Mike: You are still to qualify them, specializes you mention e-commerce so a lot of clients are still e-commerce clients and all that, but sometimes like the motives didn’t align or we didn’t make sure that for example even though the person that we’re talking to was able to make a decision on hiring us or not, there were other stakeholders that we needed to get on board before we all agreed to move forward and work together. And so we weren’t taking those steps to making sure that the kind of clients that definitely affect, I don’t want anyone dreading coming to work on any given day because they have to work for some client. Unfortunately that was happening, and that doesn’t work, that disrupts the entire flow, it doesn’t make the team happy and therefore the triangle fall us apart.

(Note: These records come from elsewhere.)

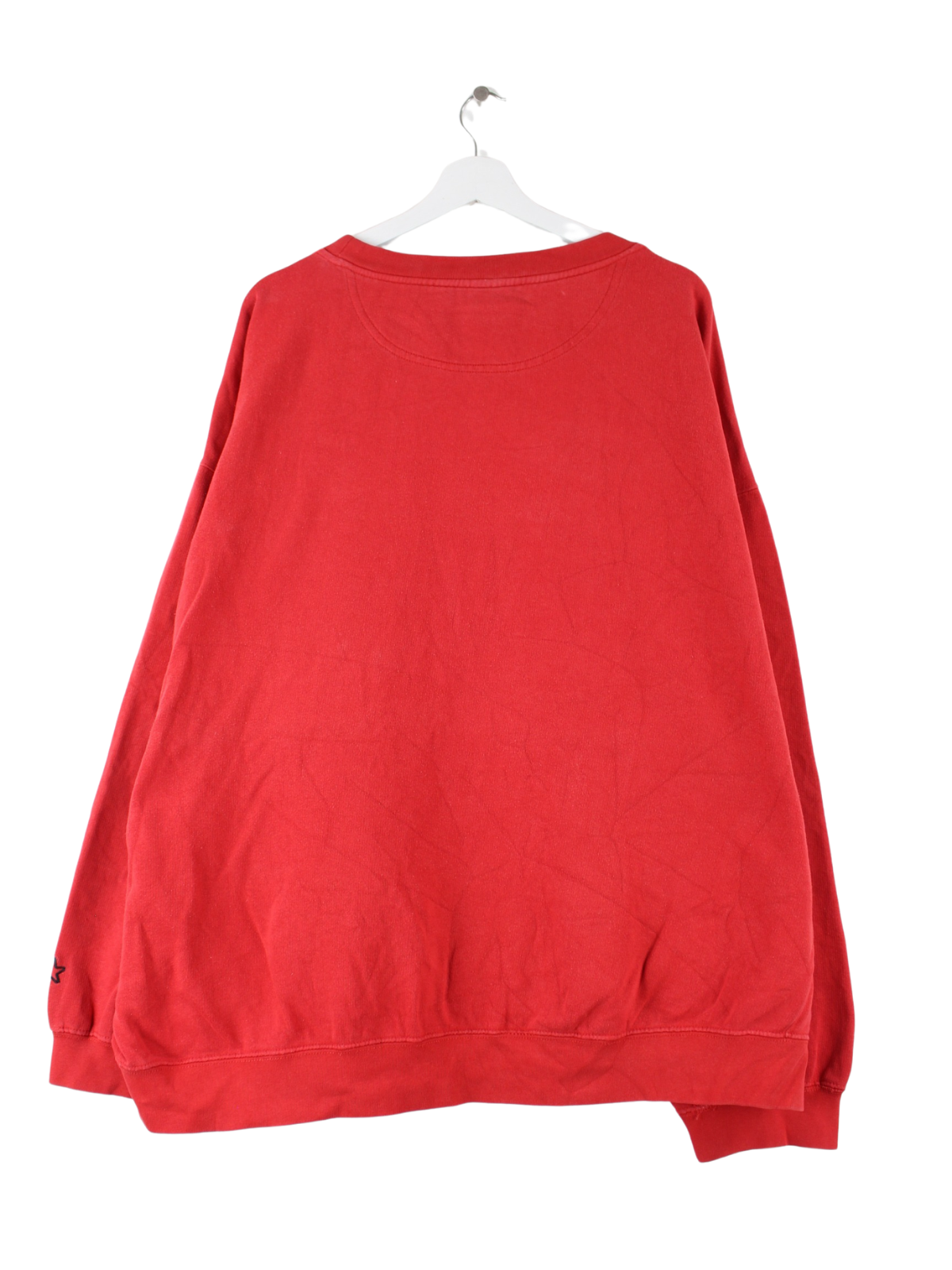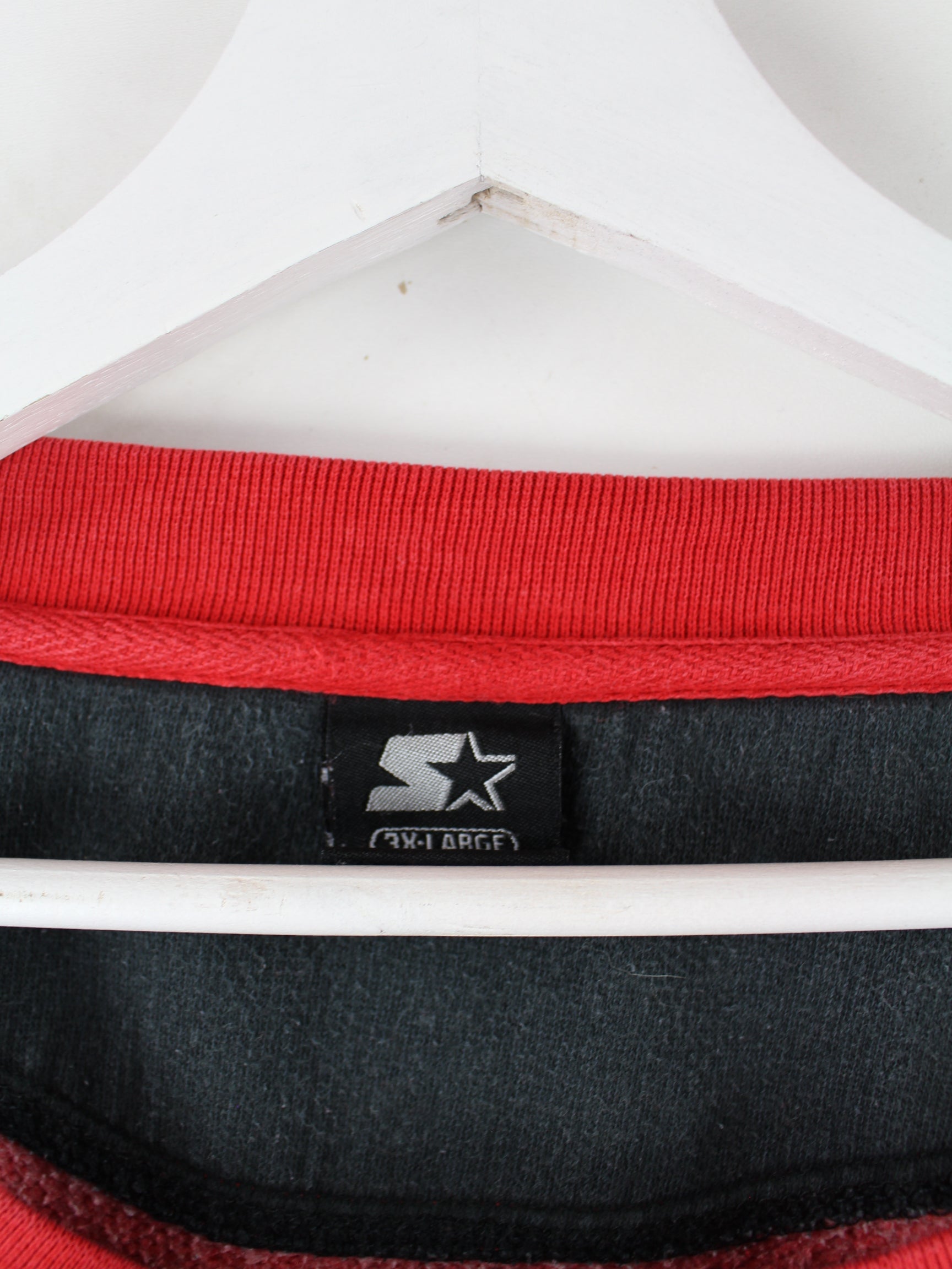 Roter Sweater mit Stickereien vom Label Starter in Größe 3XL. Er ist aus einer Baumwollmischung gefertigt und in gutem Zustand vorrätig.
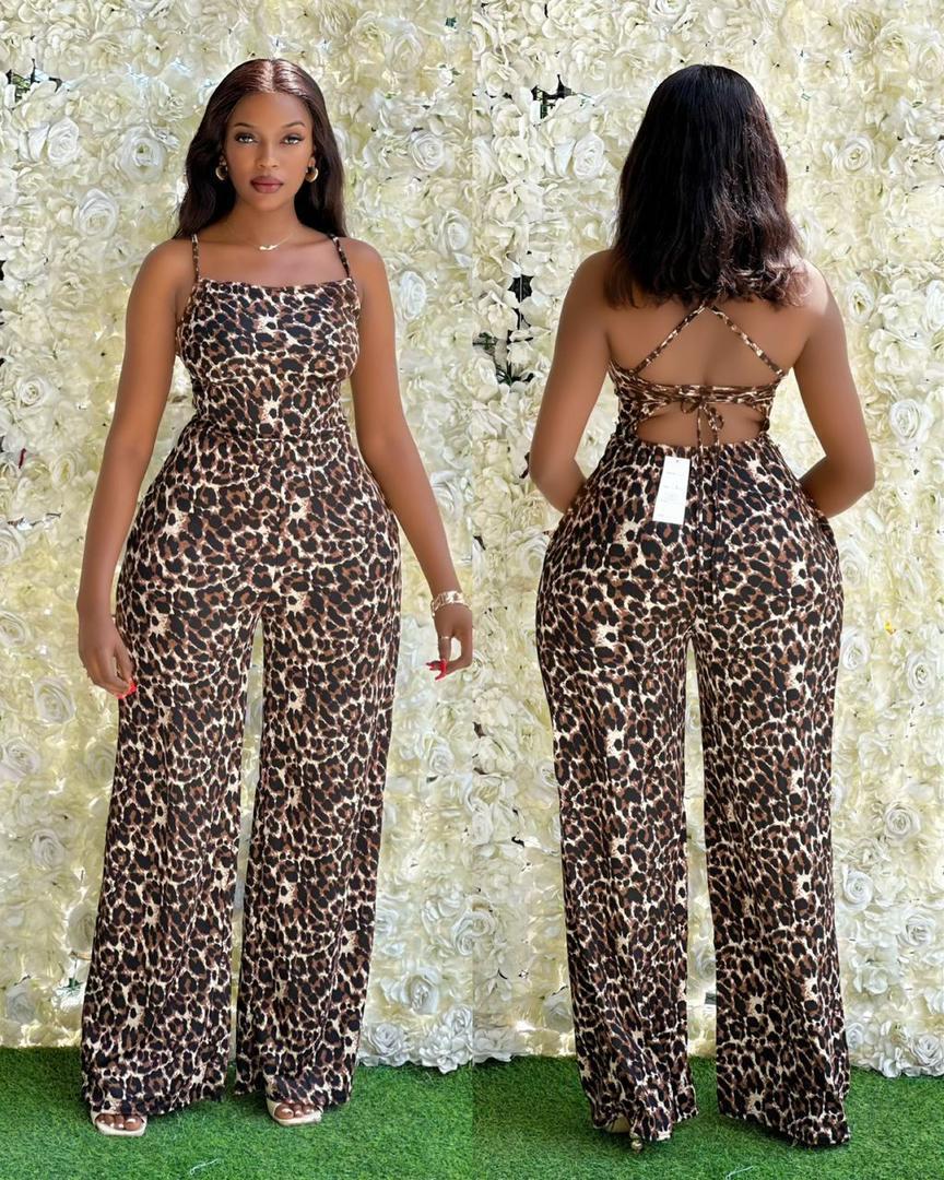 Leopard Print Open Back Jumpsuit – Wide Leg Silhouette
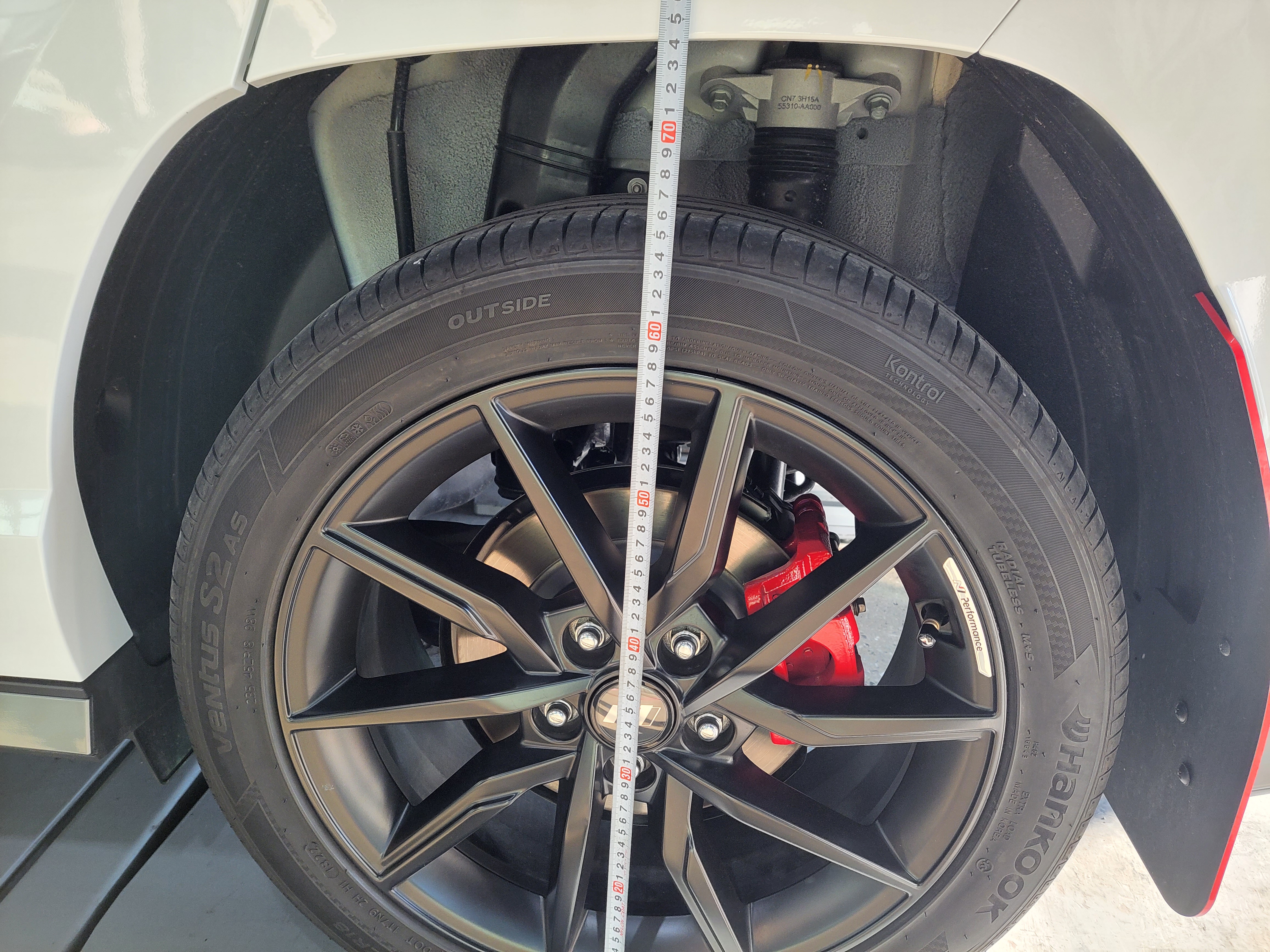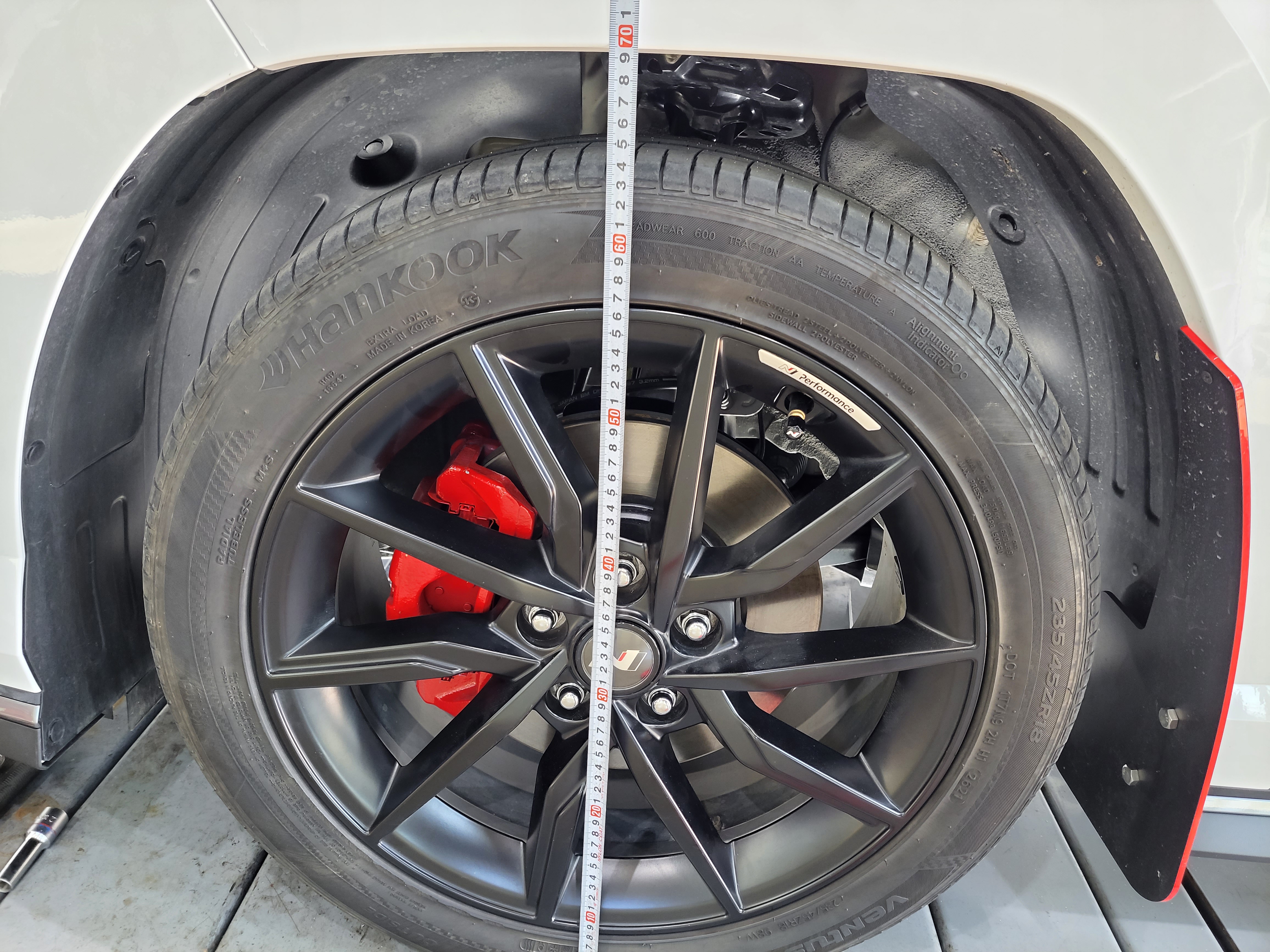 한눈에 알아보기 쉽습니다 전체 직경이 순정타이어 직경에 비해 25mm가량 현재 장착되어
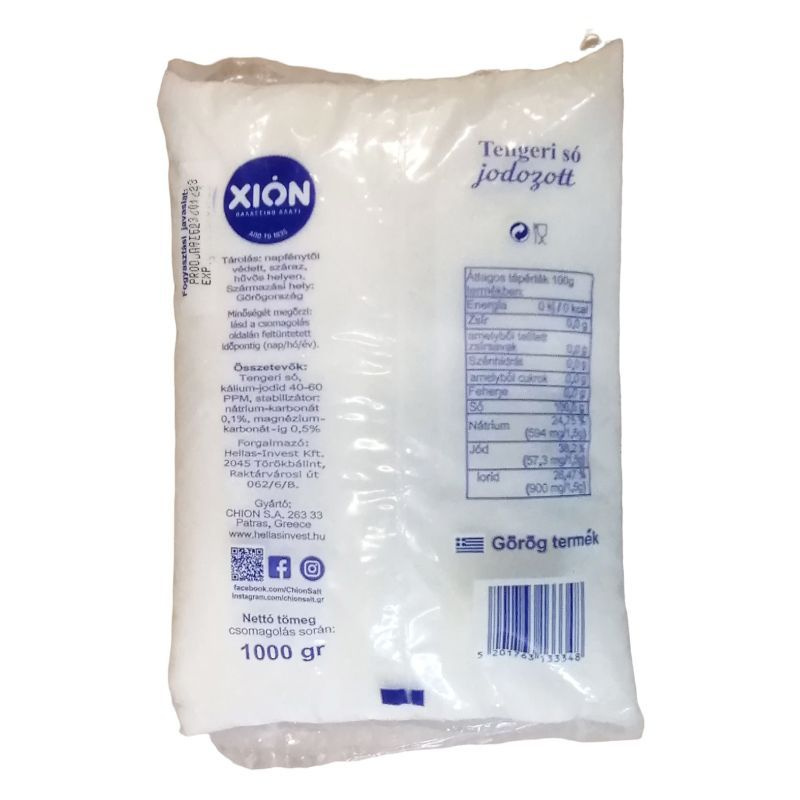 Összetevők: tengeri só, kálium-jodid 40-60 ppm, stabilizátor: nátrium karbonát 0,1%, magnézium karbonát 0,5%.
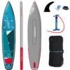 The AdventurAir comes with 1x 9″ fin, 1x 10″ fin, 1x Double Action Pump and 1x Adventure Edition Roller Bag.
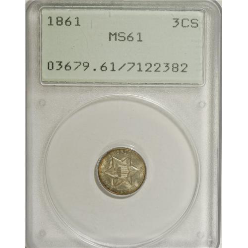 1861 3CS MS61 PCGS. PCGS Population (19/519). NGC
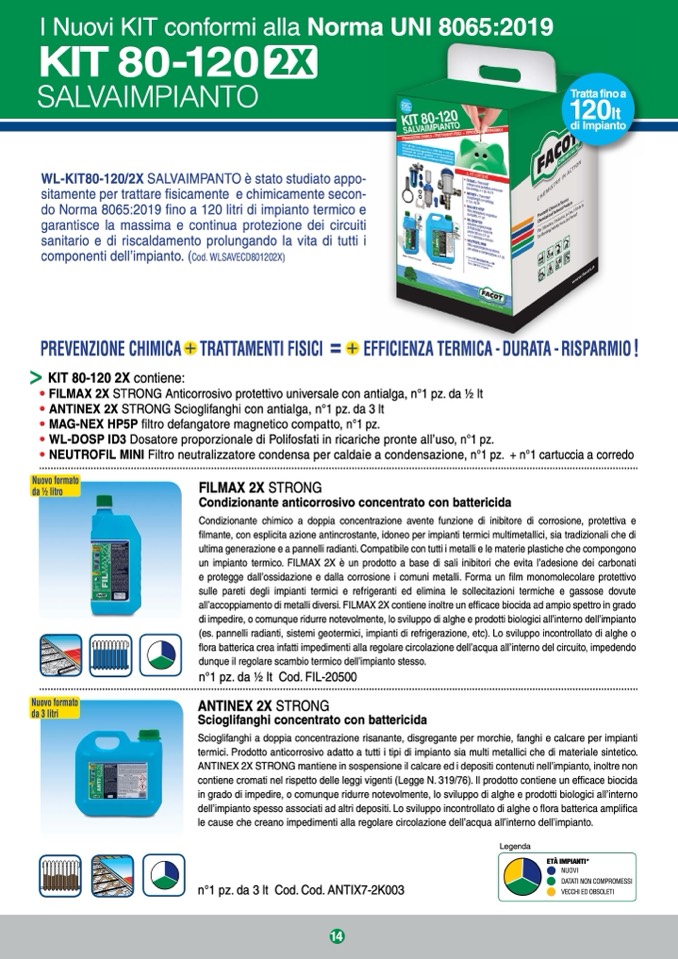 filmante, con esplicita azione antincrostante, idoneo per impianti termici multimetallici, sia tradizionali che di
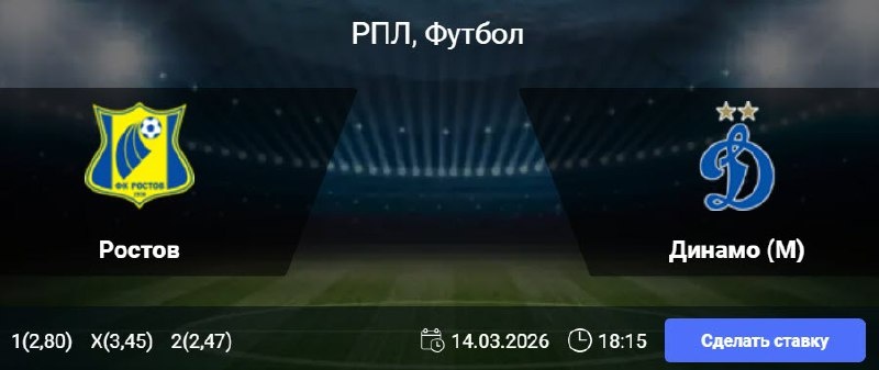 Ростов - Динамо Москва: РПЛ 21-й тур чемпионата России (14/03/26/18:15
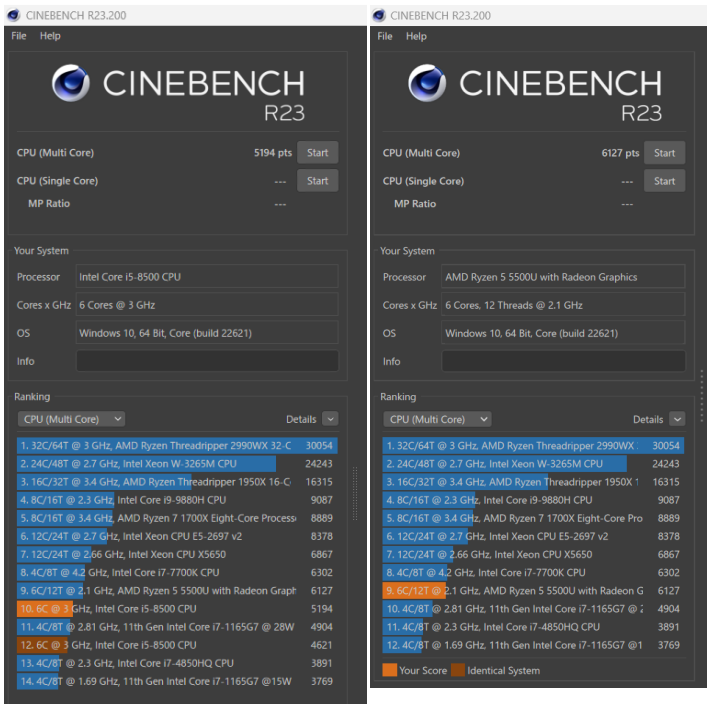 メインで使っているデスクトップのドスパラ Magnate IM Core i5 8400と、今回購入した HP 255 G8 NotePC と のCPUベンチマーク結果です。CINEBENCHを使いました。
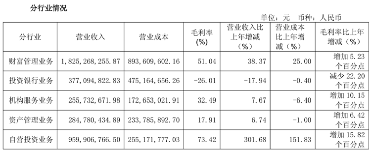 国金证券 业绩快速增长,更大的推动力来源于自营业务。今年上半年,财富管理业务收入为18.25亿元,同比增长38.37%;自营业务收入为9.60亿元,同比增长301.68%。
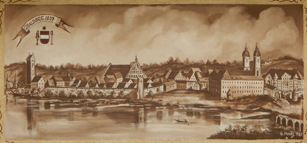 Historische Stadtansicht von Waldsee (Bad Waldsee, 1987), entstanden exakt 150 Jahre nach dem Original. Foto: Paul Sägmüller
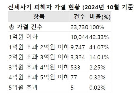 이 표는 주로 수도권에 집중된 피해자들의 보증금 분포를 보여주며, 대다수가 3억원 이하의 보증금을 가진 임차인임을 나타낸다.[출처: 국토교통부 보도자료]
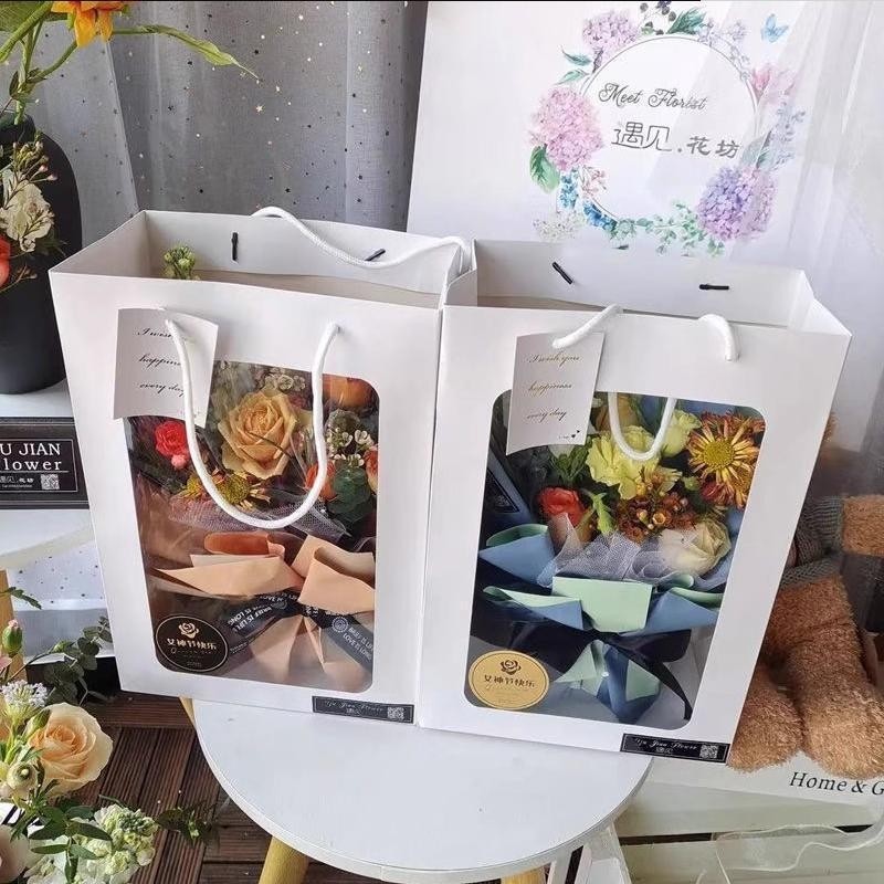 手提礼袋透明橱窗新款开窗鲜花玩偶手提袋教师节礼物包装袋

Kelly: Alright so you told me, it’s not just an order it’s the nuances and actually what is in between sort of, if you’re looking at that flow, that chart that we’re gonna have on screen, it’s the connection between what comes first second third or how that all the interdependence or the interrelationship of those things.

Mike: Exactly.

Kelly: So you actually have just started implementing this not that long ago and you’ve been getting some pretty early feedback that’s been positive. Can you share sort of one of those stories or one of the anecdotes from your team?

Mike: Sure. I mean I guess the first thing that comes to mind is just where we had to make some tough decisions and tell clients you know what, this isn’t working out. I mean it’s not that we just gave up. I mean we did our due diligence. We said look here’s what’s going on, here’s how we see things, here’s what we’ll need to do to continue moving forward coz we need this to work not only for you guys but for us as well and either we can get on the same page and move forward and things will be better or we should just part ways. And so we have parted ways with some clients.

Kelly: Has that been amicable?

Mike: It’s been amicable. There is no hard feelings or anything like that.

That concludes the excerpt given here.